• **Task directions**: In your copy of the entries below, keep every word exactly and leave out all images.

• **Data to examine**:
· · · ·

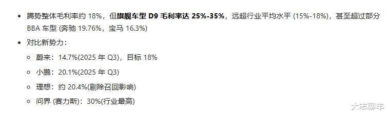 再然后,就是毛利率方面,很多人只看到了他整体毛利率才18.4%,却忽略了腾势主推的旗舰车型腾势D9毛利率是25%以上,远超行业里面的平均水平,甚至隔壁大吹特吹的BAA,奔驰才19.76%,宝马更是才16.3%,哪怕是把其他车企都给算上,腾势也依然是佼佼者,属于毛利比较靠前的那种,而之所以造成只有18%毛利,也是被其他车型给拉了一把。
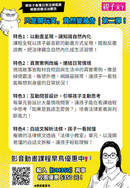 一、為推動校園法治教育向下扎根,親子天下打造《只是開玩 笑,竟然變被告?》系列影音動畫課程,並由少年調查保護官吉靜如監製。
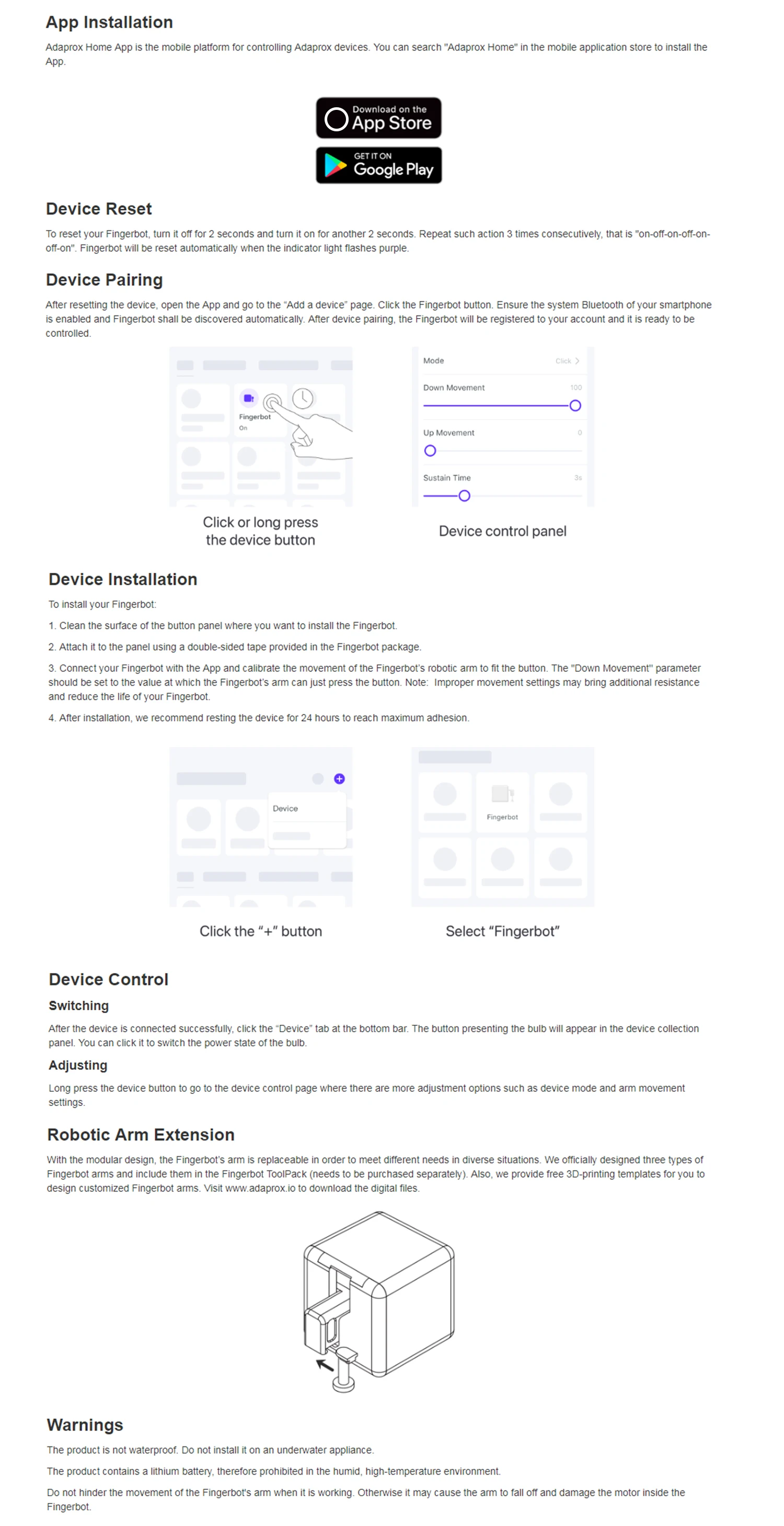 Сменная рукоятка: благодаря модульному дизайну рукоятка Fingerbot заменяется для удовлетворения различных потребностей в различных ситуациях.
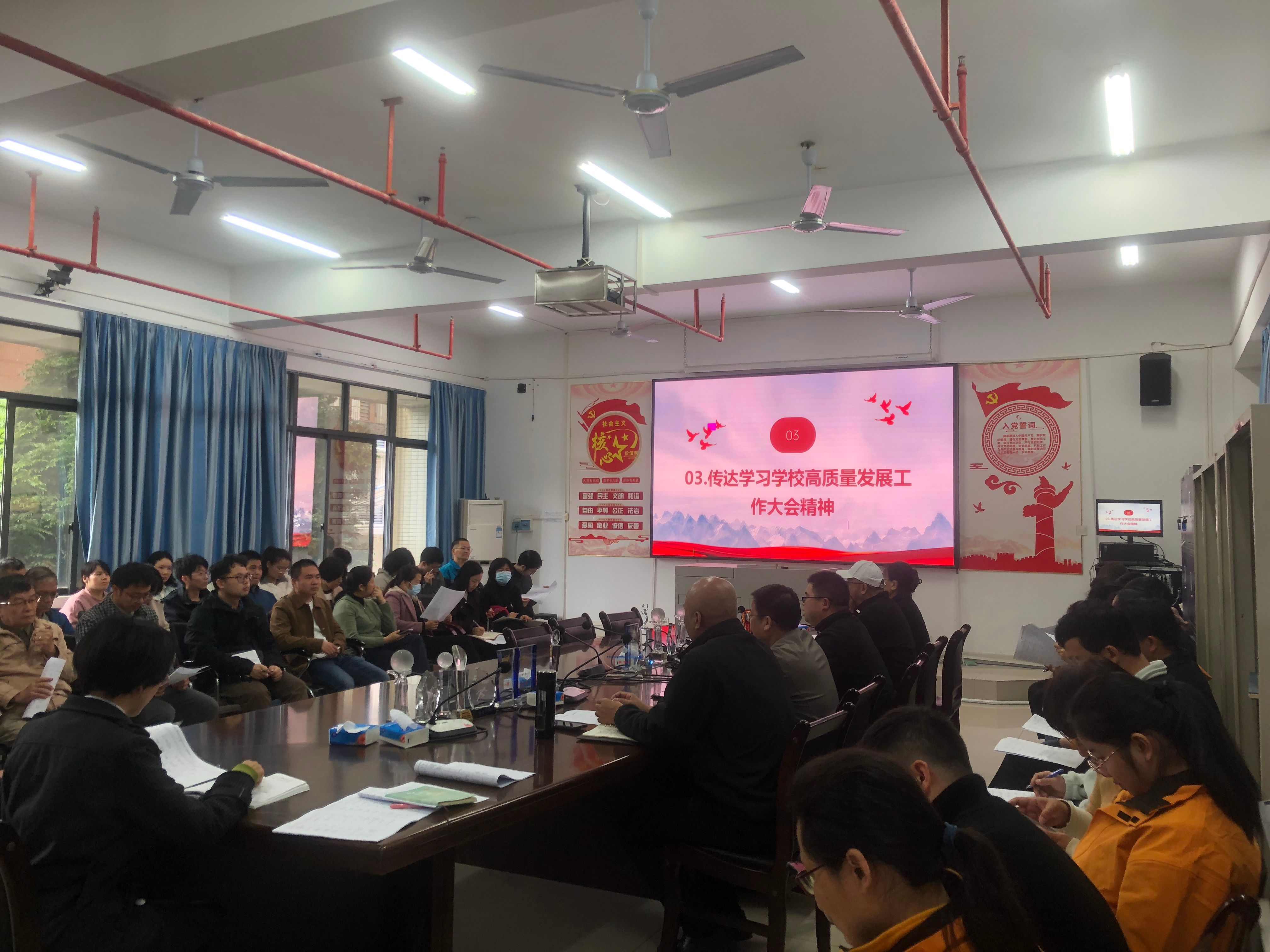2025年2月28日,太阳成集团122ccvip召开全体教职工专题学习会议,深入学习贯彻公司高质量发展大会精神,共同探讨新时代教育所肩负的使命与面临的区域发展机遇。会议由公司经理李湘主持,全院教职工积极参与,共同为公司及公司的未来发展出谋划策。
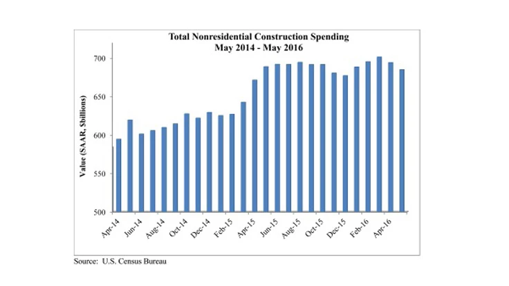Nonresidential construction spending dipped 1.3 percent in May according to analysis of U.S. Census Bureau data released by Associated Builders and Contractors (ABC). Nonresidential spending, which totaled $684.9 billion on a seasonally adjusted, annualized rate, has expanded 1.2 percent since May 2015.
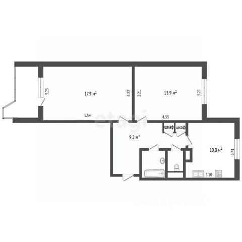 Изолированные комнаты: 32,1 кв.м. (18,0 и 14,1) - "распашонка"
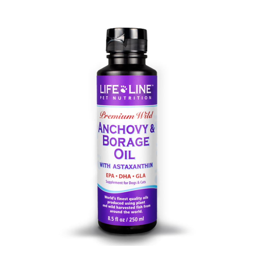 Does your dog have sensitive skin that is prone to rashes or breakouts? Our Anchovy + Borage Oil contains ingredients that are key to keeping your pets coat and skin in top condition. Your dogs or cats coat should molt twice per year and their skin should be free of crusting, itching and spots. Most skin issues in dogs can be attributed to allergens and can lead to skin infections.
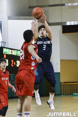 [점프볼=사천/홍기웅 기자] 20일 사천체육관에서 열린 '제55회 춘계 전국 남녀 중고 농구 연맹전' 천안쌍용고와 청주신흥고의 경기. 천안쌍용고 이강민이 더블클러치 슛을 던지고 있다.

· · · ·

• **Result**:
 再然后,就是毛利率方面,很多人只看到了他整体毛利率才18.4%,却忽略了腾势主推的旗舰车型腾势D9毛利率是25%以上,远超行业里面的平均水平,甚至隔壁大吹特吹的BAA,奔驰才19.76%,宝马更是才16.3%,哪怕是把其他车企都给算上,腾势也依然是佼佼者,属于毛利比较靠前的那种,而之所以造成只有18%毛利,也是被其他车型给拉了一把。
 一、為推動校園法治教育向下扎根,親子天下打造《只是開玩 笑,竟然變被告?》系列影音動畫課程,並由少年調查保護官吉靜如監製。
 Сменная рукоятка: благодаря модульному дизайну рукоятка Fingerbot заменяется для удовлетворения различных потребностей в различных ситуациях.
2025年2月28日,太阳成集团122ccvip召开全体教职工专题学习会议,深入学习贯彻公司高质量发展大会精神,共同探讨新时代教育所肩负的使命与面临的区域发展机遇。会议由公司经理李湘主持,全院教职工积极参与,共同为公司及公司的未来发展出谋划策。
Nonresidential construction spending dipped 1.3 percent in May according to analysis of U.S. Census Bureau data released by Associated Builders and Contractors (ABC). Nonresidential spending, which totaled $684.9 billion on a seasonally adjusted, annualized rate, has expanded 1.2 percent since May 2015.
 Изолированные комнаты: 32,1 кв.м. (18,0 и 14,1) - "распашонка"
 Does your dog have sensitive skin that is prone to rashes or breakouts? Our Anchovy + Borage Oil contains ingredients that are key to keeping your pets coat and skin in top condition. Your dogs or cats coat should molt twice per year and their skin should be free of crusting, itching and spots. Most skin issues in dogs can be attributed to allergens and can lead to skin infections.
 [점프볼=사천/홍기웅 기자] 20일 사천체육관에서 열린 '제55회 춘계 전국 남녀 중고 농구 연맹전' 천안쌍용고와 청주신흥고의 경기. 천안쌍용고 이강민이 더블클러치 슛을 던지고 있다.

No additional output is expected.